Action item
Setting pictures aside, output exactly the lines from the start of the records to the line with "This smartphone boasts", that line included.

[Entries taken from a collection]
*** Block opens ***

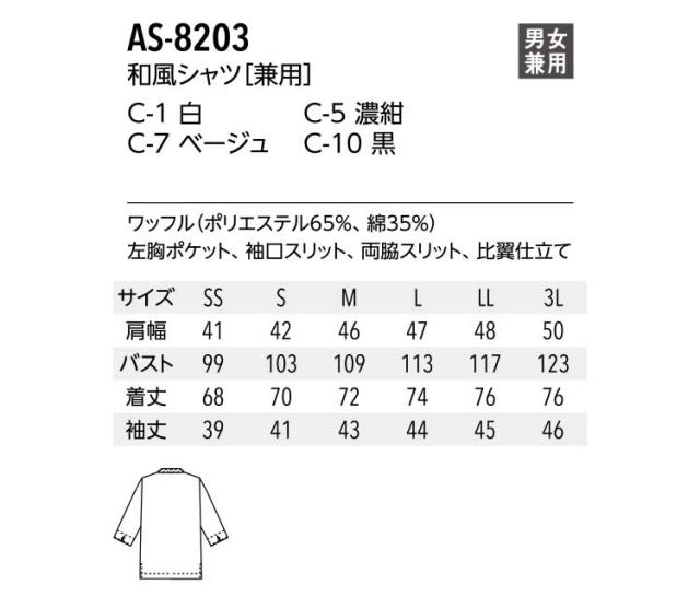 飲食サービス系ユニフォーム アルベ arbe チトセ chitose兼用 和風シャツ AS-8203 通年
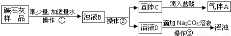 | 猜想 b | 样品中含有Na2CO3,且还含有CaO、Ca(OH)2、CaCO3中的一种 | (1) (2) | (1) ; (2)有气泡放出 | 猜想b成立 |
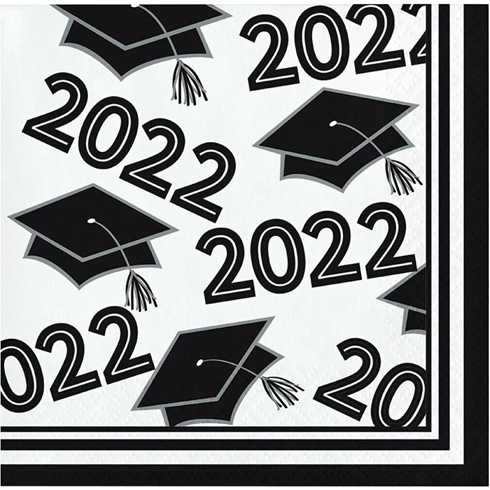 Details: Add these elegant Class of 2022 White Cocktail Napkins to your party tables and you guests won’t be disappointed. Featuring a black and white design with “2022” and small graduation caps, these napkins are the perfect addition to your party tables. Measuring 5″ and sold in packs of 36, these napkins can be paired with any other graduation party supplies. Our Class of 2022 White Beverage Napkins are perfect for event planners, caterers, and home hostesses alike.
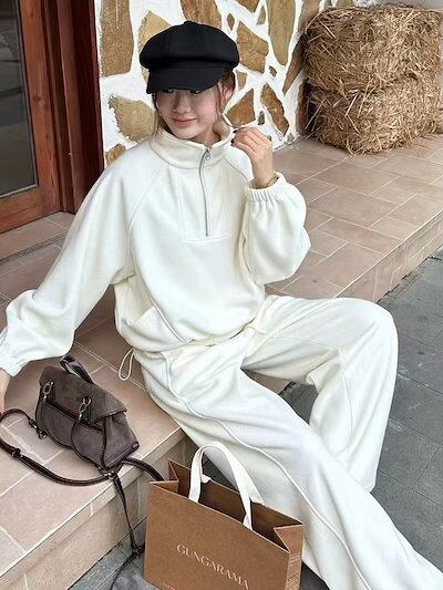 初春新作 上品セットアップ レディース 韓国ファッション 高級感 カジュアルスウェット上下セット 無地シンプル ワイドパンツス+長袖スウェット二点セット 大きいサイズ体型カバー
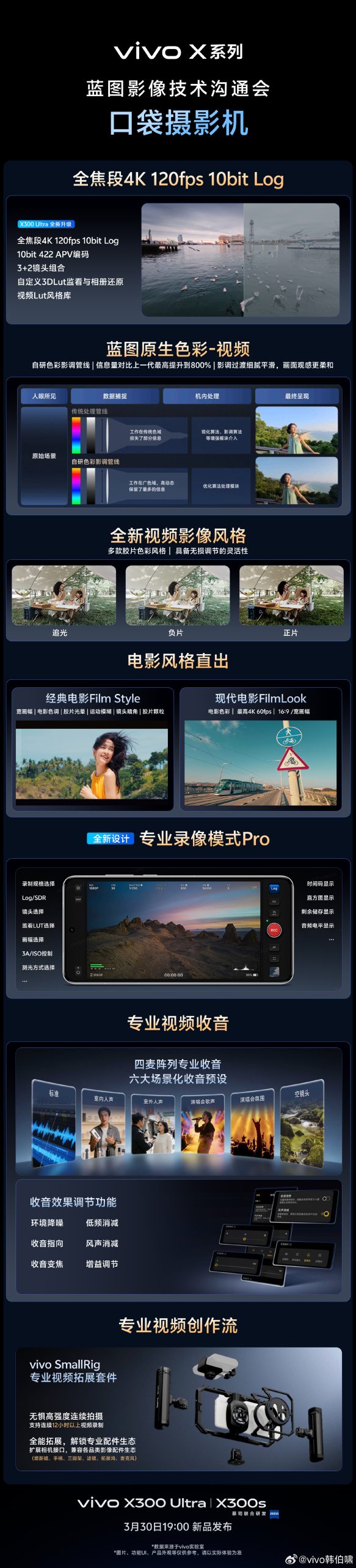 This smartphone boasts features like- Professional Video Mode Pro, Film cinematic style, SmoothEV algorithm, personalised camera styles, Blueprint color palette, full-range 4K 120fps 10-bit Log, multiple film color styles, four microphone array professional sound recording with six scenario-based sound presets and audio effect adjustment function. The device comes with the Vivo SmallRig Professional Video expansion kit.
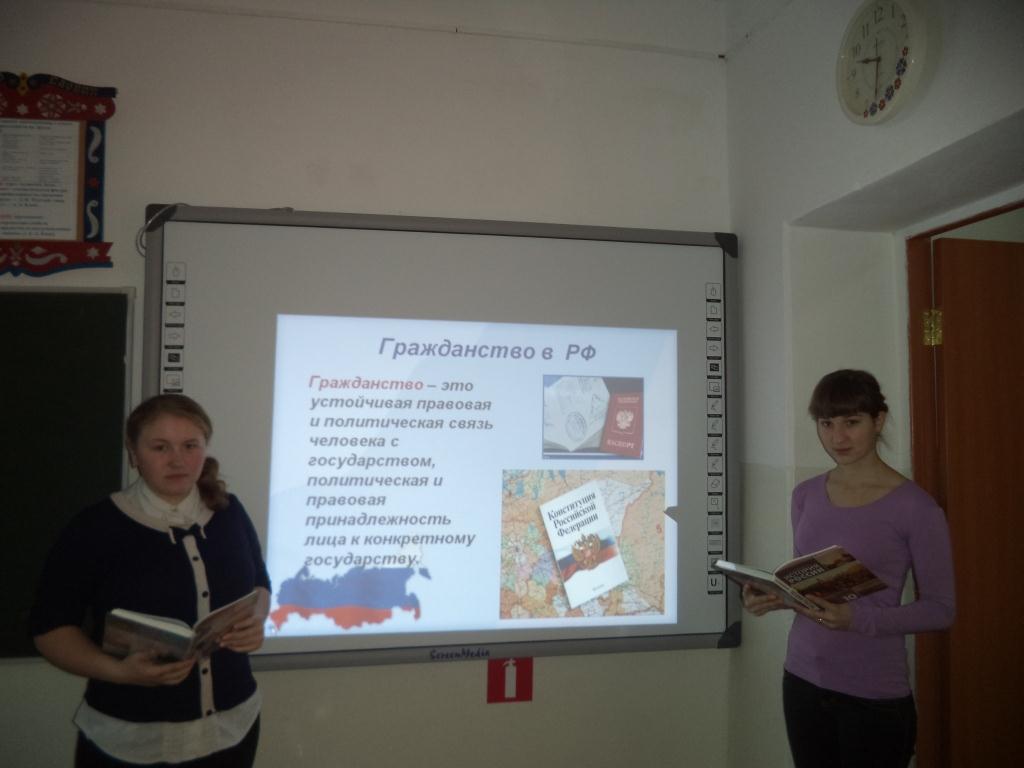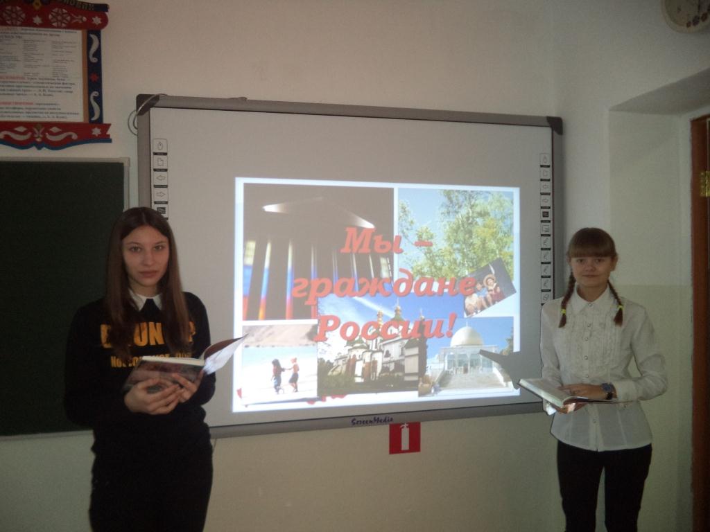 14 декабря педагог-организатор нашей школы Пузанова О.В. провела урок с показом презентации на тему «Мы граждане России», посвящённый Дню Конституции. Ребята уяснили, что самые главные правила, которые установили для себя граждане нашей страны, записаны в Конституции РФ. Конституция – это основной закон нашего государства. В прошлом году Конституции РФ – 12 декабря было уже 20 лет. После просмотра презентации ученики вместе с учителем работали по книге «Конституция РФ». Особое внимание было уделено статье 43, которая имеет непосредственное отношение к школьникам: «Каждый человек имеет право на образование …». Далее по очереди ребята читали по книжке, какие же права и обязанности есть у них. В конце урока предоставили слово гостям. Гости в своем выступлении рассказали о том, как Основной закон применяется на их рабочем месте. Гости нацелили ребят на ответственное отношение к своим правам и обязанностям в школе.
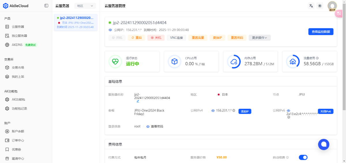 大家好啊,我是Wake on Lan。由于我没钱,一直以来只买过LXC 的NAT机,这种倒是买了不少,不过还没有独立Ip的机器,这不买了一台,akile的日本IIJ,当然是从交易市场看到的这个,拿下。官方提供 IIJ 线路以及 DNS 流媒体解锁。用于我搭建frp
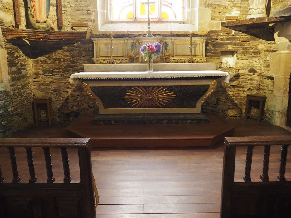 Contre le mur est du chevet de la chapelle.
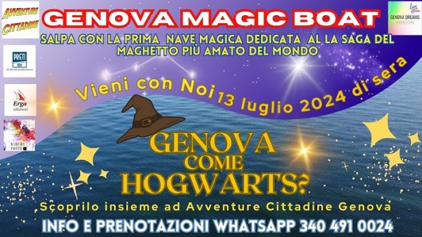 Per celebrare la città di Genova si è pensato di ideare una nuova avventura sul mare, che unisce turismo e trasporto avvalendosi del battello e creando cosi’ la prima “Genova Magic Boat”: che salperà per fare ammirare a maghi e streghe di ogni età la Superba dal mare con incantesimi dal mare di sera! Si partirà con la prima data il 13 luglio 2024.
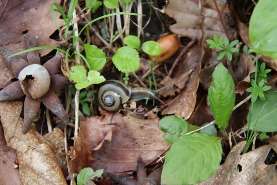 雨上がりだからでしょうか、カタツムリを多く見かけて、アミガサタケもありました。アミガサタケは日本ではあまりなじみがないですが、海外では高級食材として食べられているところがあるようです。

*** Block closes ***

Answer below
 飲食サービス系ユニフォーム アルベ arbe チトセ chitose兼用 和風シャツ AS-8203 通年
 | 猜想 b | 样品中含有Na2CO3,且还含有CaO、Ca(OH)2、CaCO3中的一种 | (1) (2) | (1) ; (2)有气泡放出 | 猜想b成立 |
 Details: Add these elegant Class of 2022 White Cocktail Napkins to your party tables and you guests won’t be disappointed. Featuring a black and white design with “2022” and small graduation caps, these napkins are the perfect addition to your party tables. Measuring 5″ and sold in packs of 36, these napkins can be paired with any other graduation party supplies. Our Class of 2022 White Beverage Napkins are perfect for event planners, caterers, and home hostesses alike.
 初春新作 上品セットアップ レディース 韓国ファッション 高級感 カジュアルスウェット上下セット 無地シンプル ワイドパンツス+長袖スウェット二点セット 大きいサイズ体型カバー
 This smartphone boasts features like- Professional Video Mode Pro, Film cinematic style, SmoothEV algorithm, personalised camera styles, Blueprint color palette, full-range 4K 120fps 10-bit Log, multiple film color styles, four microphone array professional sound recording with six scenario-based sound presets and audio effect adjustment function. The device comes with the Vivo SmallRig Professional Video expansion kit.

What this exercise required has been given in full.